It was the Scottish Reformation that pioneered the enduring biblical vision of fully Presbyterian church polity. Under the leadership of John Knox, the Church of Scotland drew up the First Book of Discipline, published in 1560. Then after John Knox’s death in 1572, the Church of Scotland published the Second Book of Discipline in 1578, which had abiding significance and influence. Finally, the Westminster Assembly published an important guide for church government in 1645, called The Form of Presbyterial Church Government. In each of these books, the overriding goal was to draw out and apply biblical principles to guide the life of the church. Some of these Scottish Presbyterians migrated to the United States, forming two streams of Scottish Presbyterian traditions: the Covenanters (such as the Reformed Presbyterian Church in North America), and the Seceders (such as the Associate Reformed Presbyterian Church).7
The majority of the church fathers for the broadest stream of American Presbyterianism (including denominations like the Presbyterian Church in the USA, the Orthodox Presbyterian Church, and the Presbyterian Church in America) came from Ulster Presbyterians from Northern Ireland.8 The American Presbyterian Church began in 1706, with the founding of the Presbytery of Philadelphia, especially through the leadership of Francis Makemie (the “father of American Presbyterianism”).9 The first General Assembly of the Presbyterian Church in the USA took place in 1789, with four synods: New York and New Jersey (four presbyteries), Philadelphia (five presbyteries) Virginia (four presbyteries), and the Carolinas (three presbyteries).10
Old Side / New Side Controversy
One of the earliest controversies in the American Presbyterian Church has come to be known as the Old Side / New Side Controversy. This controversy grew out of issues surrounding the First Great Awakening. Three main issues emerged from this controversy. The first had to do with a disagreement with confessional fidelity vs. piety. Although these two issues are not necessarily at odds with one another, Old Side ministers sought to keep the church free from doctrinal error by insisting upon “strict subscription” to the Westminster Confession and Catechisms. New Side ministers, on the other hand, sought to emphasize a warmer kind of piety, and they argued for evaluating ministerial candidates on the basis of “religious experience.”11
The second was related, and had to do with the methods of ministerial training. This controversy centered around a theological seminary called the Log College, which was founded in 1727 by William Tennent Sr. While Old Side ministers favored a more traditional (and more doctrinally rigorous) training at more established schools back in Scotland, New Side ministers set up the Log College as an attempt to establish a school for theological training in the new world. While this was not a problem per se, Hart and Muether explain that “the school was also the creation of the Tennent family and nurtured an introspective and enthusiastic piety among its students that could lead to…excesses of religious experience….From the perspective of strict subscriptionists, Log College was also clearly on the wrong side of debates about ministerial qualifications.”12
The third issue had to do with itinerant preaching ministries during the First Great Awakening. At the center of the First Great Awakening in America was a man named George Whitefield. Whitefield was an Anglican, evangelical preacher who traveled through both England and the United States, preaching in the open air and in any churches who would welcome him. He was a man of extraordinary preaching gifts, and a number of people professed conversion to Christianity under his preaching in the early 18th century. New Side ministers were eager to invite Whitefield into their pulpits, while Old Side ministers believed that churches should hear from their own pastors, not from unaccountable itinerant preachers.13
To this day, Presbyterians still wrestle with questions about confessional subscription, ministerial training, and formal vs. informal ministry methods. On one side are those who advocate for purity of doctrine and the simple use of the biblical means of grace, while on the other side are those who advocate for religious experience and innovative methods for reaching the lost.

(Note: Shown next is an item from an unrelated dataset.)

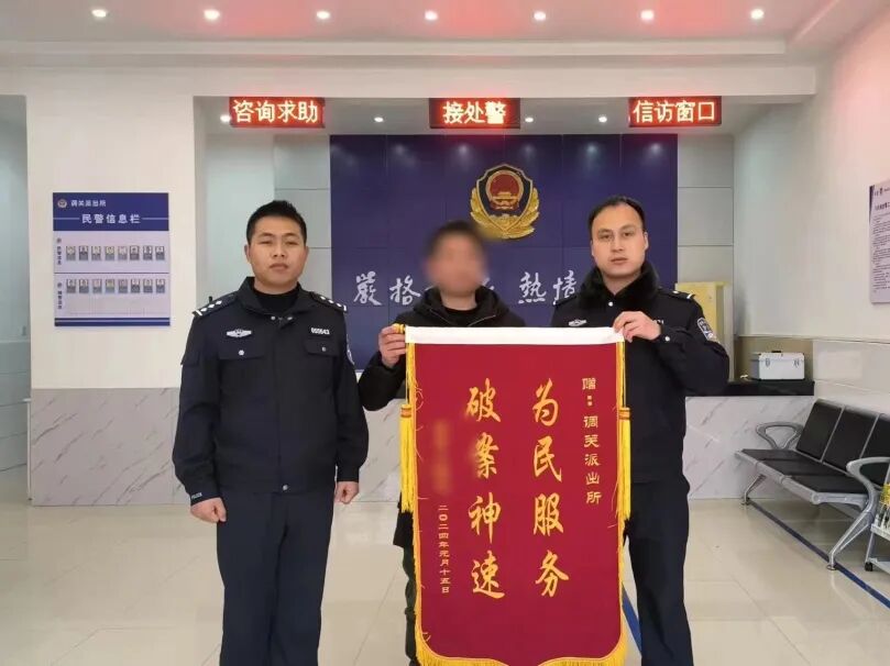 受害人周某兵表示,本来自己都不抱任何希望了,不承想民警不但抓到了犯罪嫌疑人,还为他挽回了经济损失,于是送来锦旗对民警连连道谢,喜悦之情溢于言表。
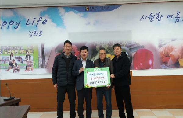 철원환경건설(대표:구재본)은 3월10일(화) 김화읍사무소를 방문해 저소득가구를 위해 불우이웃돕기 성금 300만원을 전달했다. 구재본 대표는 매년 이웃을 위해 꾸준한 기부를 하고 있는데 전년도에는 생활이 어려운 노인부부를 위해 매달 10만원씩 생활비를 지원하는 등 이웃에 대한 남다른 애정을 실천하였다. 이번에도 성금300만원을 기부하여 복지사각지대 및 취약계층 15가구(20만원씩)에게 난방비 및 생활비를 지원하고 싶다며, 작은 정성이지만 소중하게 쓰이길 바란다는 소박한 바람을 전했다.

Old School / New School Controversy
About one hundred years later, the Second Great Awakening led to another controversy in the Presbyterian Church. The origins of this controversy stem from 1801, when the Presbyterians and the Congregationalists adopted “The Plan of Union,” which sought to join forces between the two denominations for the more rapid expansion of evangelism and church planting efforts as America moved west. This required a significant downplaying of the confessional distinctives of Presbyterians, especially through the approval of Charles Finney as Presbyterian minister in 1824.14
Once again, the “old” in this controversy favored a more traditional, confessional Presbyterian approach to ministry, while the “new” were open to innovations—and Finney introduced a number of New School innovations. Finney attempted to boil evangelistic revivals down to a science of psychological, emotional, and spiritual manipulation, using techniques such as altar calls and the anxious bench.15 His theological innovations were more significant, since Finney denied the doctrine of original sin.16 This doctrine was an important Finney’s practice, since he wrote that “a revival is not a miracle, or dependent on a miracle in any sense. It is a purely philosophic [i.e., scientific] result of the right use of the constituted means.”17
This denial of original sin extended beyond Finney alone into the Congregational Church of the time, causing significant divisions between the Old School ministers who wanted to protect the biblical doctrines (as summarized in the Westminster Standards) and biblically-regulated methods of worship and ministry, and the New School ministers who wanted to introduce new doctrines and methods for achieving the “results” of ministers like Finney.18
Once again, we see confessional standards and formality of ministry patterns forming the lines of this division. Here, the theological error is more pronounced, with an outright denial of original sin. We should recognize that innovations in worship and in the methods of ministry are not theologically neutral. The Old School ministers who (like the Old Side ministers before them) insisted upon the simple use of the biblical means of grace in worship and evangelism clearly saw the theological and confessional problems with those who innovated new approaches to ministry.
The Modernist Controversy
The Modernist Controversy takes us forward yet another hundred years in American Presbyterian church history. Once again, the Modernist Controversy deals with a question that arises in the wider culture. In this case, it was the theological issues that arose from historical-critical biblical scholarship that split the church apart.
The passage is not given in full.